In epithelia, keratins are closely associated with desmosomes and hemidesmosomes (Koch and Franke, 1990; Schwarz et al., 1990). Whereas the loss of plakoglobin (Ruiz et al., 1996), BPAG-1 (Guo et al., 1995) and of plectin (McLean et al., 1996) is known to abolish the connection with keratin IF, the consequences of a keratin IF loss for the formation and/or distribution of desmosomes has not been studied before in vivo. We, therefore, stained frozen sections with antibodies to desmosomal proteins. As judged by conventional immunofluorescence microscopy, no difference in the number and distribution of desmosomes could be observed (Fig. 5). The additional analysis of ultrathin liver sections by electron microscopy confirmed the typical ultrastructure of desmosomes without attachment of keratin IF (Fig. 6). It is evident from these and other observations (Denk et al., 1985) that desmosomes form and are maintained in the absence of keratin filaments.
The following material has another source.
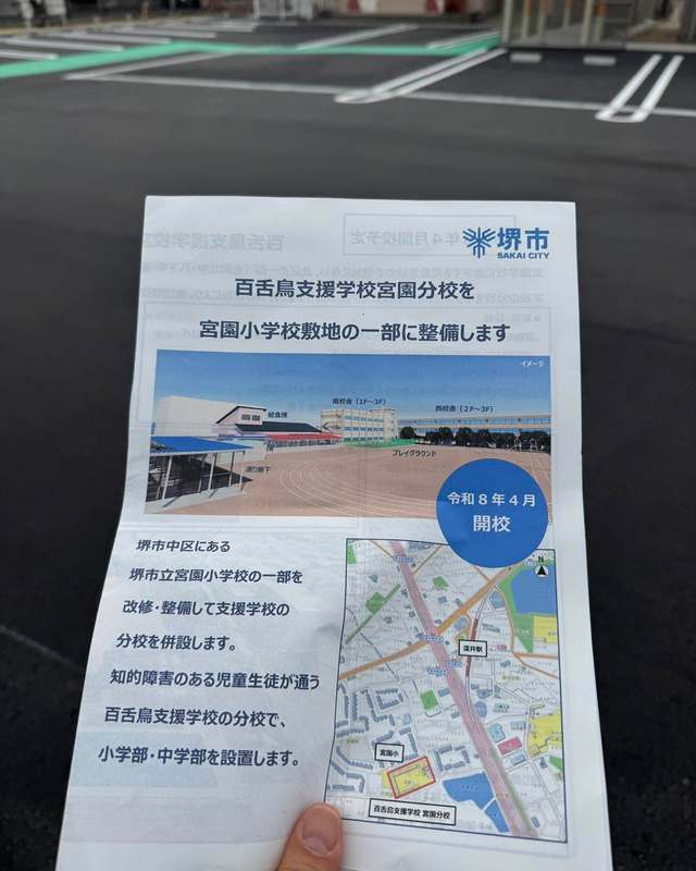 先日、百舌鳥支援学校宮園分校を視察しました。 令和8年4月開校予定の新しい支援学校で、支援学校の教室不足など狭隘化の解消を目的に整備が進められています。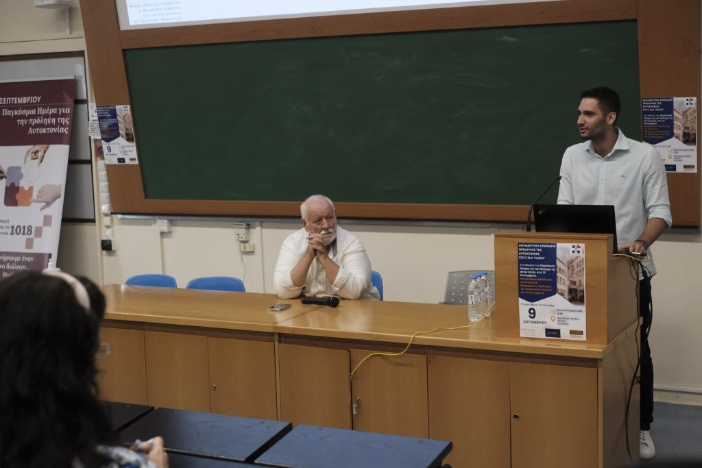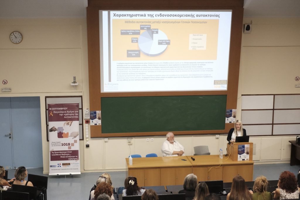 Στην εκδήλωση, ο Αναπληρωτής Διοικητής κ. Δημήτριος Παπαδάκης εξέφρασε την υποστήριξή του στο εγχείρημα, τονίζοντας τη σημασία της κοινής προσπάθειας για την πρόληψη και την ψυχική υγεία. Στη συνέχεια, ο κ. Κυριάκος Κατσαδώρος, ψυχίατρος και Επιστημονικός Διευθυντής της ΚΛΙΜΑΚΑ, μίλησε για τους βασικούς πυλώνες της παρέμβασης εντός του νοσοκομείου. Οι ακόλουθες εισηγήσεις αφορούσαν τις διεθνείς πρακτικές και το κοινωνικοοικονομικό κόστος της αυτοκτονίας στις δημόσιες μονάδες υγείας, όπως αναπτύχθηκε από την κα. Βασιλική Στάμου, Συντονίστρια του Κέντρου για την Πρόληψη της Αυτοκτονίας, το τηλεφωνικό follow-up, από την κα. Χαρά Βλαστάρη-Δυοβουνιώτου, ψυχολόγο του Κέντρου, καθώς και τον τρόπο προσέγγισης των Μέσων Μαζικής Ενημέρωσης στην αυτοκτονία, από τον κ. Άκη Μακρυγιάννη, επίσης ψυχολόγο του Κέντρου.

When frozen sections of 18-mo-old K18 null mice were stained, ∼20–30% of hepatocytes showed irregular K8-positive aggregates of variable size scattered throughout their cytoplasm. K8-aggregates were distributed in the cytoplasm and/or in the cell periphery of single or grouped hepatocytes (Fig. 7). K8-staining cells were often enlarged when compared to cells without K8 accumulation. Immunostaining for K7, 19, and 20, desmin and vimentin failed to detect any of these IF proteins in K8-positive or -negative hepatocytes (not shown). Double immunofluorescence analysis with antibodies to ubiquitin and the Mallory body antigen, M_M120-1, in combination with K8 antibodies revealed that the aggregates contained K8, ubiquitin, and the M_M120-1 protein, thus resembling MBs in human livers with alcoholic hepatitis (Fig. 7). In contrast to old K18 null mice, neither abnormal keratin structures nor ubiquitin- or M_M120-1–positive cytoplasmic depositions were found in control sections from age-matched wild-type mice.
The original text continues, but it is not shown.